## What to produce:
Retype every line of the data below, starting with the first and ending with the line that contains "Объемная кроеная футболка", but leave out the pictures.

## Information provided:
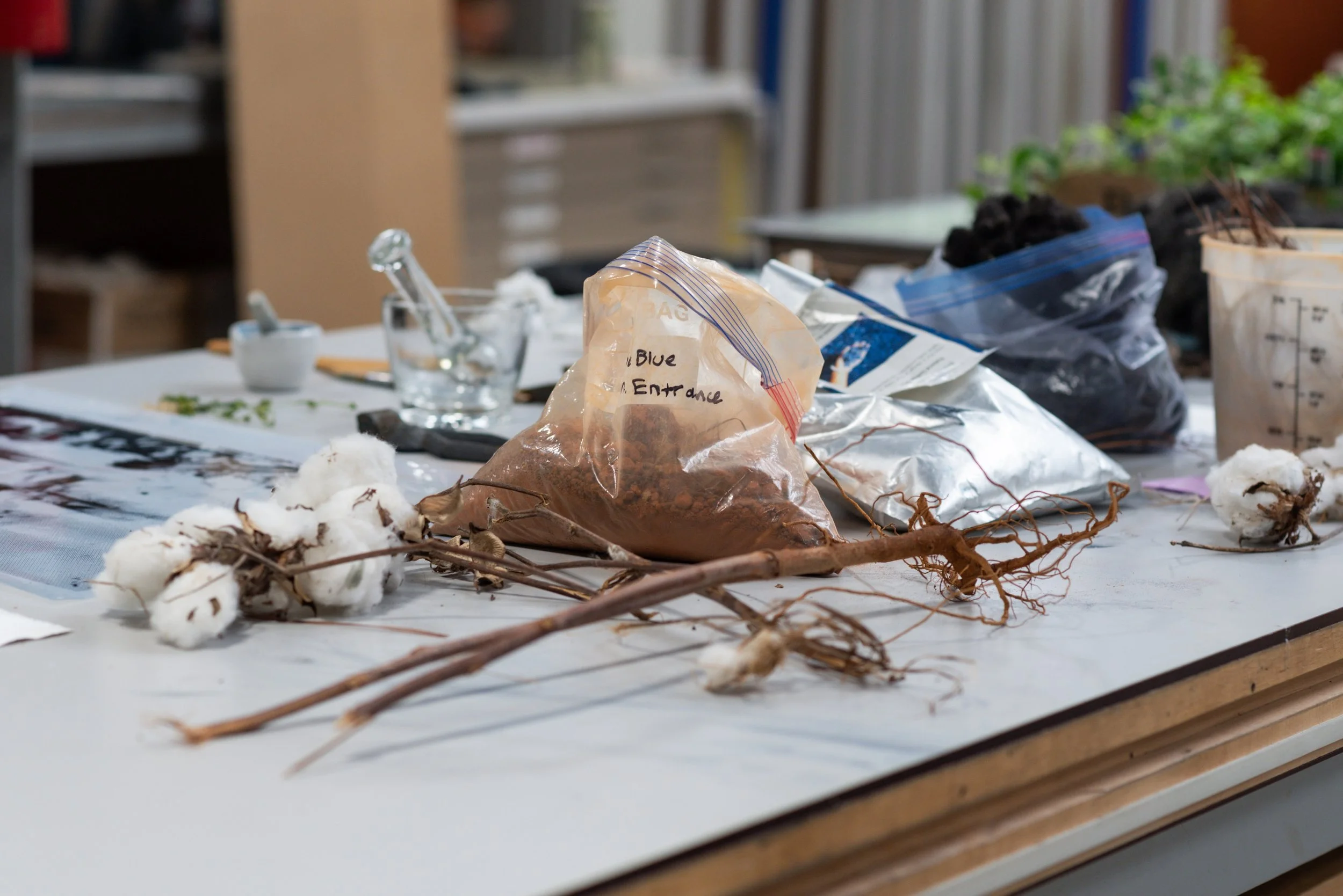 Grounded in historically and culturally significant materials such as indigo dye, human hair collected throughout the African diaspora and soil hand-dug from the True Blue plantation grounds in South Carolina, Gbadebo’s practice is an exploration of heritage. Her use of such materials centers her family history of enslavement in the American South, while her ceramics draw inspiration from traditional African pottery techniques, calling on her Nigerian ancestry. Fueled by research and a commitment to the archival record, Gbadebo’s multidisciplinary approach investigates the complex relationships between land, matter, and memory.
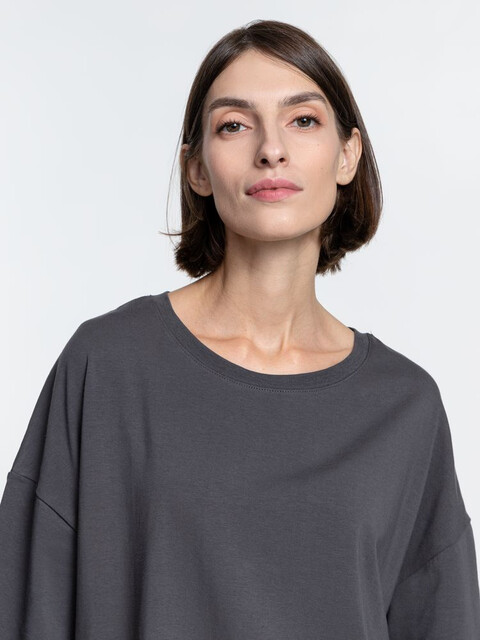 Объемная кроеная футболка с удлиненным рукавом из гребенного хлопка с эластаном не стесняет движений и создает модный расслабленный силуэт.
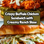 This Crispy Buffalo Chicken Sandwich with Ranch Slaw features juicy, buttermilk-marinated fried chicken coated in a crunchy seasoned crust, tossed in spicy buffalo sauce, and topped with a creamy, tangy ranch slaw made from fresh cabbage and carrots. Served on toasted brioche buns, this sandwich combines bold flavors and textures for a delicious handheld meal perfect for lunch or dinner.
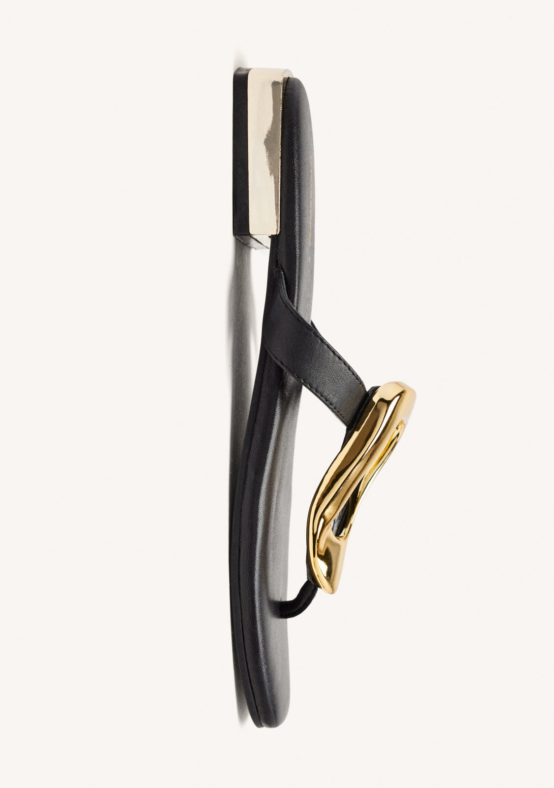 SANDALIAS NEGRAS DE PIEL CON ADORNO METÁLICO PARA MUJER VENDRES

## Written answer:
 Grounded in historically and culturally significant materials such as indigo dye, human hair collected throughout the African diaspora and soil hand-dug from the True Blue plantation grounds in South Carolina, Gbadebo’s practice is an exploration of heritage. Her use of such materials centers her family history of enslavement in the American South, while her ceramics draw inspiration from traditional African pottery techniques, calling on her Nigerian ancestry. Fueled by research and a commitment to the archival record, Gbadebo’s multidisciplinary approach investigates the complex relationships between land, matter, and memory.
 Объемная кроеная футболка с удлиненным рукавом из гребенного хлопка с эластаном не стесняет движений и создает модный расслабленный силуэт.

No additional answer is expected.